Training a Kernel Logistic Regression Model
The key statements in function Train() are:
Shuffle(indices, rnd);
foreach (int i in indices) { // each train item
double p = ComputeOutput(trainX[i], alphas,
sigma, trainX);
int y = trainY[i]; // target 0 or 1 output
for (int j = 0; j < alphas.Length - 1; ++j) // alphas
alphas[j] += lr * (y - p) * kernels[i][j];
alphas[alphas.Length - 1] += lr * (y - p) * 1; // bias
}
The training items are processed in a different, random order on each pass. This helps prevent a harmonic oscillation where the updates to an alpha are immediately undone by the next training item. The Shuffle() function is a program-defined helper that scrambles the indices of the training items using the Fisher-Yates mini-algorithm.
Wrapping Up
Kernel logistic regression (KLR) is a relatively rare machine learning technique.
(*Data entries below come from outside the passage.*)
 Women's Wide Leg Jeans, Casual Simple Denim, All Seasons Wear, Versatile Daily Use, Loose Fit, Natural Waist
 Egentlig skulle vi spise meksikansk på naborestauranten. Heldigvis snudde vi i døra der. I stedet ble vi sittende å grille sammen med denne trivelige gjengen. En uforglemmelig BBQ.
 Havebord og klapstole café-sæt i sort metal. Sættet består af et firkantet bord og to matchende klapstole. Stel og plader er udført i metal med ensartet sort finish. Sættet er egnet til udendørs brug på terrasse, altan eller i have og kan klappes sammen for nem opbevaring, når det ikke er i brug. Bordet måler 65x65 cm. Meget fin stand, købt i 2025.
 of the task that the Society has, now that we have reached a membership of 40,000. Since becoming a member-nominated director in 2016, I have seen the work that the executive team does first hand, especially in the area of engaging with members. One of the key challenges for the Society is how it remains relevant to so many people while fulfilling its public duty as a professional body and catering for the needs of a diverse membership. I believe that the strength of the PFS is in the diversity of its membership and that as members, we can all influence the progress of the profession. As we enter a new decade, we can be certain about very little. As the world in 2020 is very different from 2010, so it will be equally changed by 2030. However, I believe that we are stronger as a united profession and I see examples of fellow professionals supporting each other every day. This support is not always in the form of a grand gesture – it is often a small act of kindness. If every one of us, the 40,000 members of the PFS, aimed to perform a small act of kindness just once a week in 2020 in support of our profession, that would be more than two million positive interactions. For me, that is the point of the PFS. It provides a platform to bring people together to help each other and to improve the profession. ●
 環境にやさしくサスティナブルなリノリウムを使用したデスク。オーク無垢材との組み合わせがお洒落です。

Because KLR requires the entire training/reference data to make a prediction, the technique does not scale well to problems with huge datasets. However, KLR is often effective for binary classification problems with a relatively small dataset (under 1,000 training items) where the data is not linearly separable. An alternative to KLR is a neural network binary classifier with a single hidden layer.
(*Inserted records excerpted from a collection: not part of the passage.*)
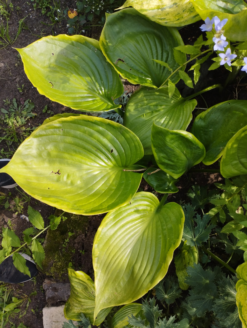 G, лист сердцевидно-чашевидный, глянцевый, крупный, зеленый с тонкой желтой каймой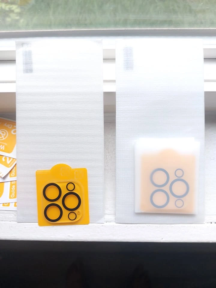 The package came with 3 sets, and I only used one. Remaining are 2 complete sets of glass screen protector, and camera lens protector.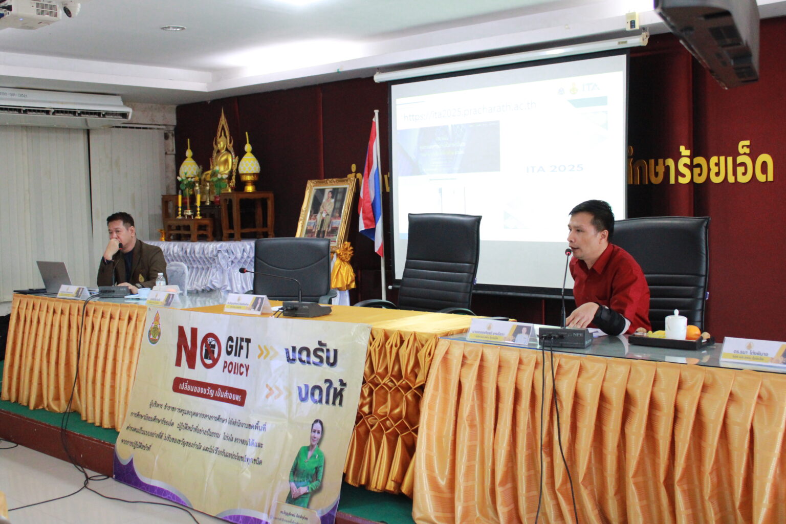 วันที่ 22 เมษายน 2568 ดร.ธัญญลักษณ์ เกียรติกุลไทย ผู้อำนวยการสำนักงานเขตพื้นที่การศึกษามัธยมศึกษาร้อยเอ็ด มอบหมายให้ นายเทอดเกียรติ ยามโสภา รองผู้อำนวยการสำนักงานเขตพื้นที่การศึกษมัธยมศึกษาร้อยเอ็ด เป็นประธานในการประชุมจัดเตรียมข้อมูล หลักฐาน เอกสารตามแบบวัดการเปิดเผยข้อมูลสาธารณะ (Open Data Integrity and Transparency Assessment : OIT) การประเมินคุณธรรม และความโปร่งใส ในการดำเนินงานของสำนักงานเขตพื้นที่การศึกษาออนไลน์ (ITA Online) ประจำปีงบประมาณ 2568 และร่วมถอดบทเรียนผลการประเมินคุณธรรมและความโปร่งใสในการดำเนินงานของสำนักงานเขตพื้นที่การศึกษา ในปีงบประมาณ พ.ศ.2567 ที่ผ่านมา พร้อมมอบนโยบายให้ ผู้อำนวยการกลุ่ม/หน่วย และบุคลากรทางการศึกษาในสังกัด งดรับ งดให้ของขวัญและของกำนัลทุกชนิดจากการปฏิบัติหน้าที่ ในการประชุมบุคลากรสำนักงานเขตพื้นที่การศึกษาร้อยเอ็ด เพื่อเตรียมความพร้อมรับการประเมินคุณธรรม และความโปร่งใสในการดำเนินงานของสำนักงานเขตพื้นที่การศึกษาออนไลน์ ITA Online ประจำปีงบประมาณ พ.ศ.2568 ณ ห้องประชุมอินทนิล สำนักงานเขตพื้นที่การศึกษามัธยมศึกษาร้อยเอ็ด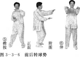 (2)重心不变,身体左转,左臂随转体向后屈肘回拉到胸腹间,同时右手心 向上,右手横掌向前、向下推按成左滚球势(图3-3-6③)。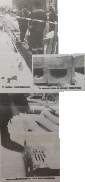 На дне траншеи сделали основание из бетона марки «200». Лотки — сборный железобетон. Устанавливаем на бетонную подушку с учетом уклона. Каждый ниже предыдущего на 0,5 сантиметра. Сверху—железобетонная решетка. Каждый стык замазывается специальной мастикой, чтобы вода не просачивалась. Вон они хранятся в нашем дворе, — показывает из окна своего кабинета на конструкции, присыпанные снегом. — После установки по бокам, сантиметров по 20, будем заливать бетон с каждой стороны. Закатывать асфальтом. Вода будет сходить в лоток. Дальше стекать в ливнеприемники, которые ведут к канализационному колодцу. Пылеулавливатели с «крышками». «Крышки» можно снимать, чтобы чистить песок, мусор, который попал в лоток.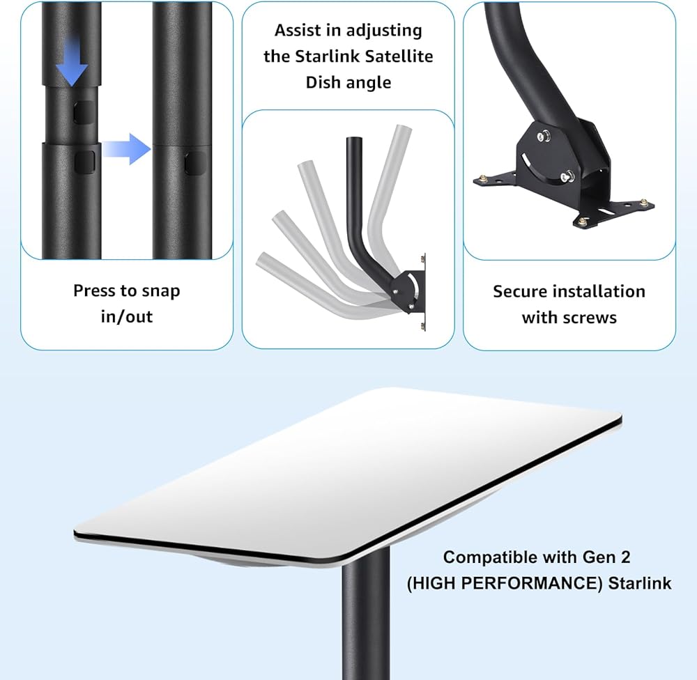 [حامل Starlink] متوافق مع V2 Starlink. يساعد حامل السقف Starlink هذا على تحسين أداء وموثوقية خدمة الإنترنت Starlink الخاصة بك. من خلال وضع طبق القمر الصناعي بشكل صحيح مع مجموعة التركيب، يمكنك زيادة استقبال الإشارة إلى الحد الأقصى وتقليل العوائق وضمان اتصال موثوق وغير متقطع بالإنترنت Starlink.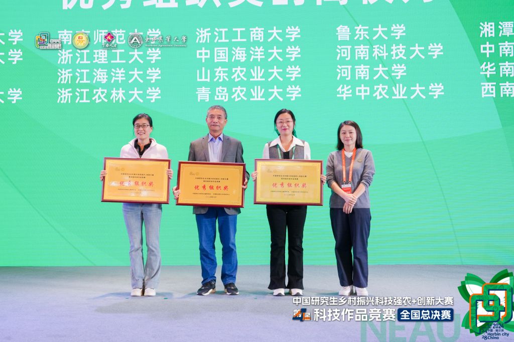 9月24日至28日,中國研究生鄉村振興科技強農+創新大賽第四屆科技作品競賽全國總決賽在哈爾濱舉行。我校選送的6件作品中共有4項獲獎,其中一等獎2項、二等獎1項,三等獎1項。4位老師獲評“優秀指導教師”榮譽稱號,我校再次榮獲“優秀組織單位”榮譽稱號。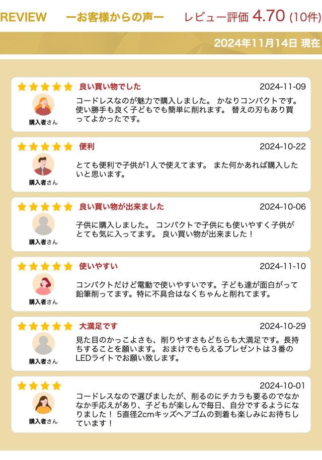 - 思ったより小さくて場所もとらずよかったです。 替刃もついていて助かります。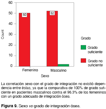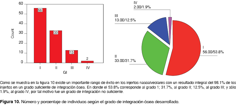 El total de injertos que presentaron un grado suficiente o funcional de integración ósea (grados I, II y III) corresponden al 98.07% (102) y el restante 1.98%(2) a aquellos injertos que no desarrollaron un grado suficiente de integración ósea (grado IV). Estos dos casos en donde el injerto se considera no suficiente, fueron consecuencia de la patología rinosinusal (rinosinusitis).

KLR binary classification shares characteristics with k-nearest neighbors classification. In k-nearest neighbors, a specified number of reference items (k) is used to make a prediction. In KLR, all reference items are used to make a prediction. In k-nearest neighbors, you compare the item-to-classify with reference items using Euclidean distance. In KLR, you compare the item-to-classify with reference items using a kernel function, usually RBF, that measures similarity.